Por: Tiberio Arroyave

Voy a empezar con un cuento que repite Víctor Hugo, para explicar el sentido de esta columna:

“En el siglo VII un hombre montado en un camello y acurrucado entre dos sacos, uno de higos y otro de trigo, entró en Alejandría. Estos dos sacos, y por añadidura un plato de madera, constituían todas sus riquezas. Este hombre sólo se sentaba en el suelo, y no se alimentaba más que de pan y de agua. Había conquistado la mitad del Asia y del África. Había asaltado o quemado treinta y seis mil ciudades, aldeas, fortalezas y castillos. Había destruido cuatro mil templos paganos o cristianos. Había edificado mil cuatrocientas mezquitas. Había vencido a Izdeger, Rey de Persia, y a Heraclio, emperador de Oriente. Este hombre se llamaba Omar y quemó la Biblioteca de Alejandría”.

Así pasa con tantas cosas humanas (la humanidad de occidente no cesa de lamentar la suerte de esa legendaria biblioteca) y me temo que con las bibliotecas personales pasa igual. Llamémoslas ‘BP’. No voy a repetir los lugares comunes que afirman que el libro es memoria extra corporal y que las BP reflejan una vida de lector, ni voy a recordar a los bibliómanos que han comprado otra vivienda adicional para sus BP. Me voy a detener en aspectos banales y en la vanidad propia de los coleccionistas de libros y en la justicia extraña del gesto de Omar.

Después de toda una vida de lectores, con pocas excepciones, las BP se extinguen como una especie inédita. Décadas, toda una vida haciéndolas, tantas horas de desvelos, tantas gestiones y dinero para obtener un libro se separan del libro y este se vuelve una cosa cuya mejor suerte es caer en manos de un librero de segundas. Y estos se parecen a sepultureros y los superan, son los pequeños Omar de nuestro tiempo, ellos no queman las BP, les dan sepultura en su forma original y las desperdigan como quien lanza polvo al viento.

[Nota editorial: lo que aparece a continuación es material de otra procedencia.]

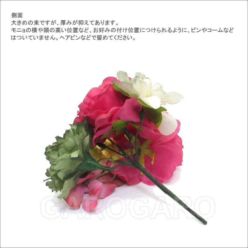 補足説明 ・モニョ(おだんごに結った髪型)の横や頭の高い位置など、お好みの付け位置につけられるように、ピンやコームなどはついていません。ヘアピンなどで留めてください。 ・ご覧になるモニターによって、実物と写真の色合いが異なって見える場合があります。 ・衛生上の理由から、商品が入った透明な袋を開封後は返品、交換ができません。 ・布製の造花なので、端にほつれや染ムラがあることがあります。 ・入荷時期によって、花の大きさや色合い、花束風の商品は花の配置、小花や葉の個数がわずかに異なることがあります。 大きく目立つ場合は検品時に取り除きますが、舞台でご使用するのに問題ないと判断できる程度である場合は良品と判断致します。あらかじめご了承下さい。 ・稀に水濡れなどで色落ちする場合があります。ご注意ください。 |

Un librero de segundas, además de cruel como Omar, es un chismoso con especialización en necrología que sabe cuál intelectual, escritor o profesor está muriendo; espera unas pocas horas y no bien pasadas las honras fúnebres se aparecen como cuervos y ofrecen a las viudas librarlas de ese flagelo; pues así sienten las esposas las BP. Varios escritores que conozco tienen su orgullo depositado en sus BP, siguen a renglón seguido la idea de Borges que se enorgullecía de los libros leídos más que de los escritos, y no sobra recordar que se la pasó ciego buena parte de su vida, lo que deja un saborcito agridulce a la expresión que ha quedado. Los libreros son bibliófagos que devoran millones de libros y los convierten en caprichos. No se incluyen en esta diatriba los bibliófilos, esos pacientes peregrinos que cruzan los libros en búsqueda de sí mismos y como Omar, cuando se encuentran, los lanzan en bolas de fuego por los aires; yo los saludo con admiración.